Word Error Rate went down and the device got worse.
WER is the metric everyone quotes and the one that predicts bedside quality the least. The numbers that actually correlate with a resident being helped are entity error rate, latency p95, turn accuracy, and escalation recall.
We once shipped an ASR change that dropped Word Error Rate from 11% to 9% and made Companion worse at its job. The new model was better at common words — 'the,' 'and,' 'today' — which are most of WER by volume, and slightly worse at proper nouns and the word 'help.' WER improved because it counts every word equally. The bedside got worse because not every word is equal. A resident does not care that the conjunctions were transcribed perfectly.
Why WER lies at the bedside
WER is a flat edit distance over a transcript. It treats 'help' and 'the' as one error each. But the cost of those two errors to a person in a bed differs by orders of magnitude. WER is useful as a coarse health check and genuinely misleading as a quality target, because optimizing it pushes effort toward the easy, frequent words and away from the rare, load-bearing ones. It's the metric that's easiest to report and worst to chase.
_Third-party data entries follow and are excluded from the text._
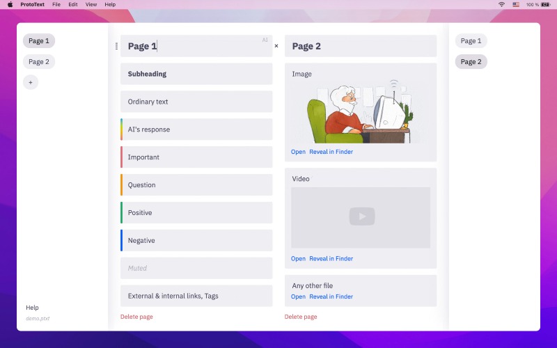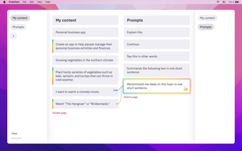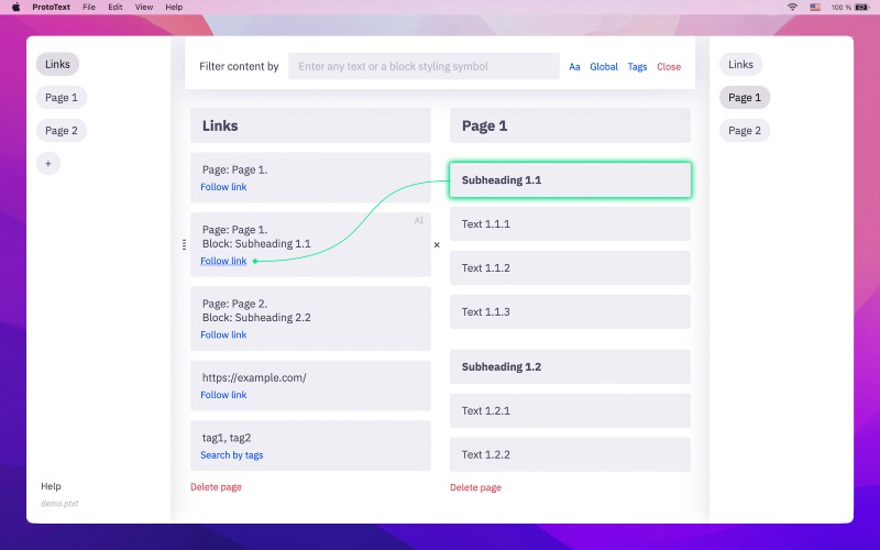 Write down your raw thoughts as small content blocks to find a structure and set priorities. Connect blocks, pages, and documents into an information network. Filter content by text or tags. Interact with ChatGPT non-linearly. Mix your content & tasks. Translate content into any languages without losing connection with the original text blocks. Present content blocks as full-screen slides. Export data keeping semantic formatting. Create secret encrypted documents.
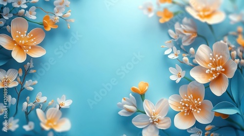 Naklejka premium Beautiful Flowers on a Soft Blue Background Creating a Serene and Tranquil Atmosphere in a Vibrant Floral Design
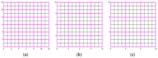 Region division of the single component at different sampling factors (n): (a) 6 × 6 regions at n = 2; (b) 4 × 4 regions at n = 3; (c) 3 × 3 regions at n = 4.
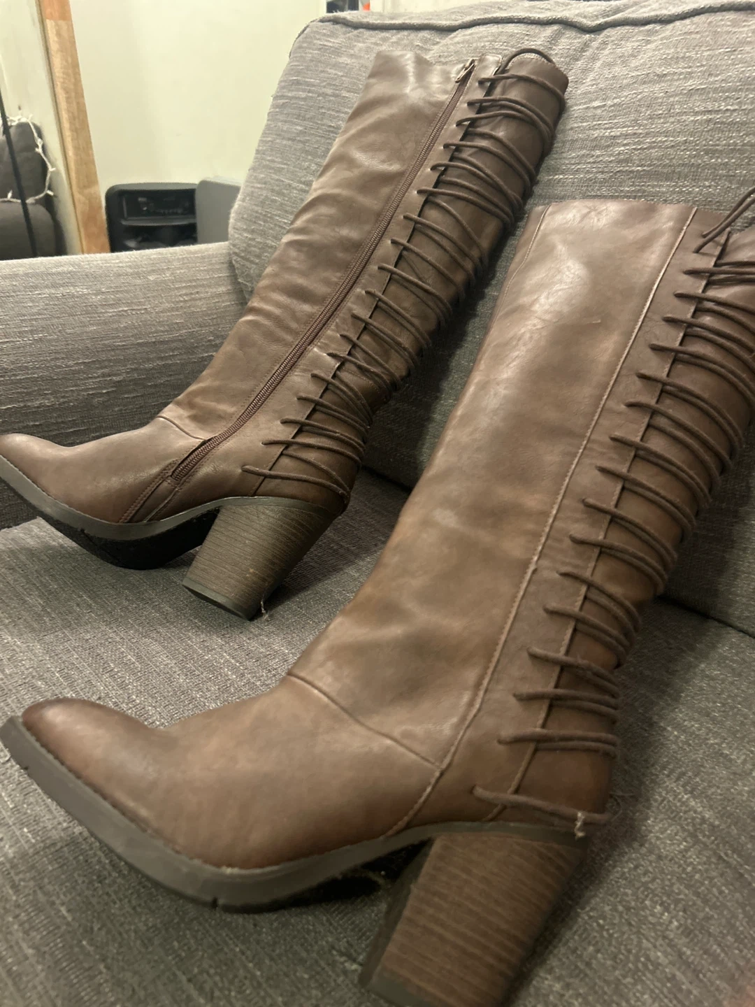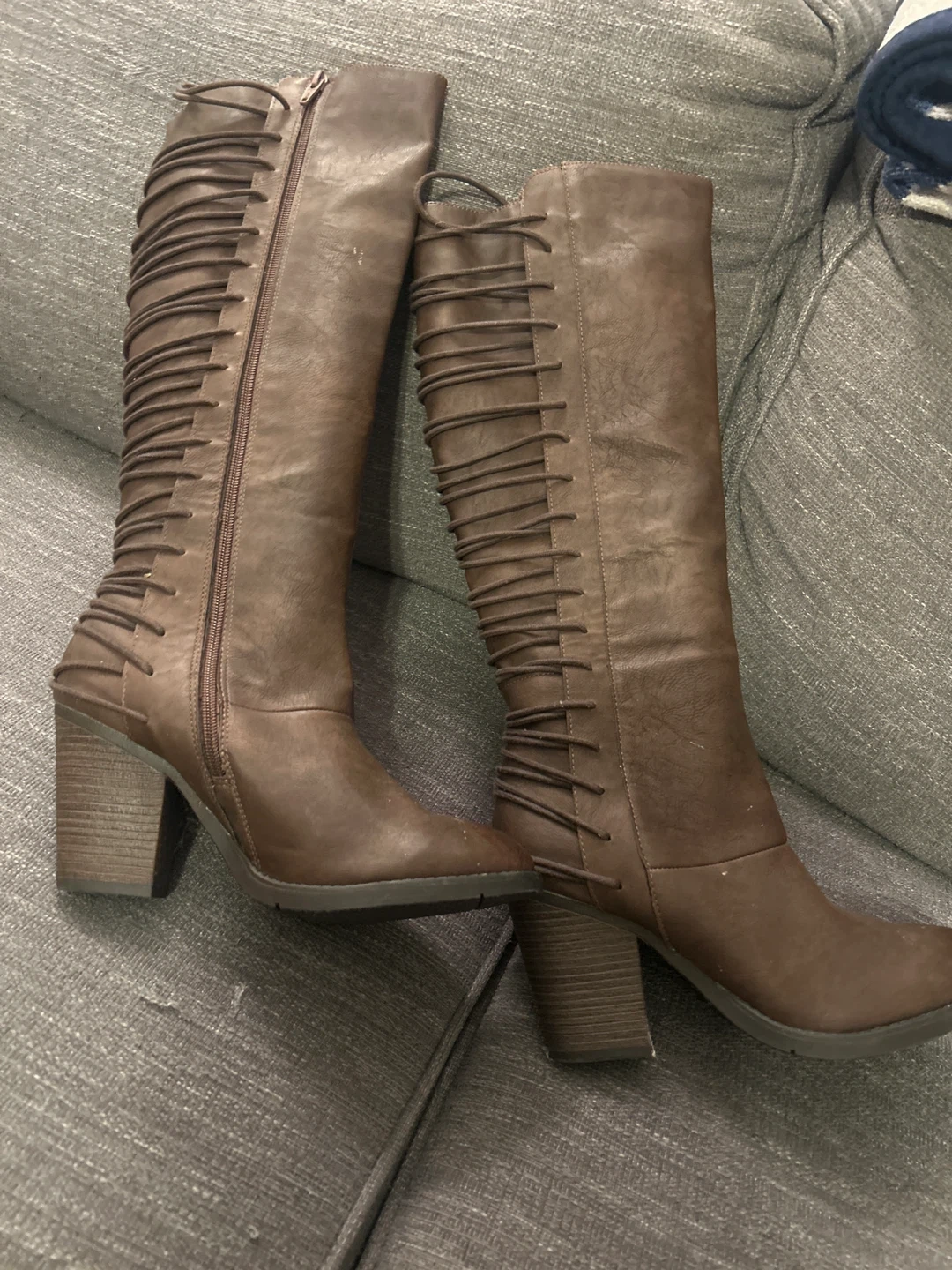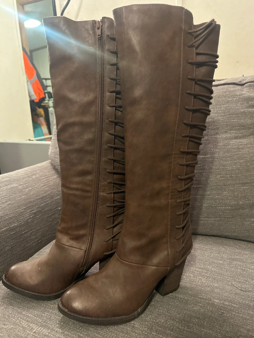 Stylish brown faux leather knee-high boots with a side zipper closure. These boots feature decorative lacing detail up the back of the shaft and a comfortable block heel. Perfect for fall and winter wear!
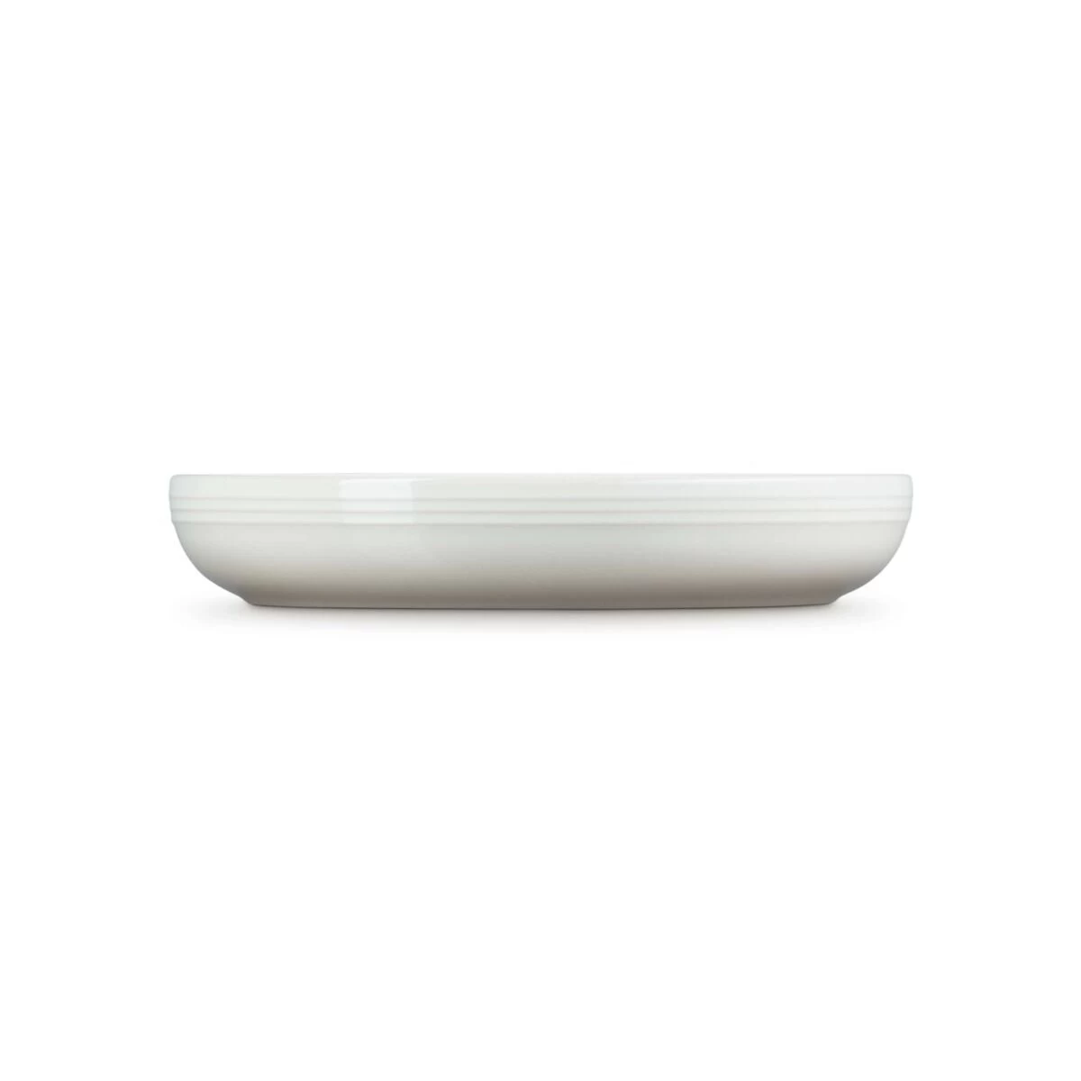 Het diepe bord van Le Creuset is gemaakt van geglazuurd aardewerk, uitgevoerd in crèmekleurig Meringue en heeft een glanzende afwerking. Het bord heeft een diameter van 22 cm.

The metrics that actually predict help
We grade on a small panel of metrics chosen because each one maps to a way a resident is or isn't served. None of them is WER.
- Entity Error Rate (EER). Accuracy on the words that carry meaning: names, medications, times, family members, body parts. A 2% EER matters more than a 9% WER, because these are the words a wrong answer hinges on.
- Latency p95, mouth-to-ear. Not the average — the tail. The resident remembers the one slow reply, not the fifty fast ones. We hold p95 under roughly 800ms; past that, the conversation feels broken regardless of content.
- Turn accuracy. Did Companion respond to what the resident actually meant, end to end? This is the only metric that grades the whole pipeline as one thing instead of grading the stages in isolation.
- Escalation precision and recall. Of the turns that should have reached a nurse, how many did (recall); of the ones we escalated, how many were real (precision). These are the two numbers that decide whether the device is safe.
Recall and precision are not symmetric here
Most systems trade precision against recall and pick a balanced point. Escalation is not balanced. A missed escalation — recall failure — means a resident asked for help and nobody came. A false escalation — precision failure — means a nurse walked to a room and found someone fine. Both are costs, but they are not the same cost.
We tune escalation recall toward 1.0 and treat precision as the budget we spend to get there — within reason, because a nurse who's been burned by ten false alarms starts ignoring the eleventh.
In our pilot we target escalation recall above 0.98 and accept precision around 0.85, then work to claw precision back up without ever trading recall for it. That asymmetry is a clinical decision encoded as a metric weight — and it's invisible in WER, which is exactly why WER can't be the thing we steer by.
The discipline is refusing the metric that's easy to report in favor of the ones that predict the moment that matters: a resident in 214 saying something quiet and ambiguous at 3am, and a nurse arriving because the number we actually optimized — recall, not WER — did its job.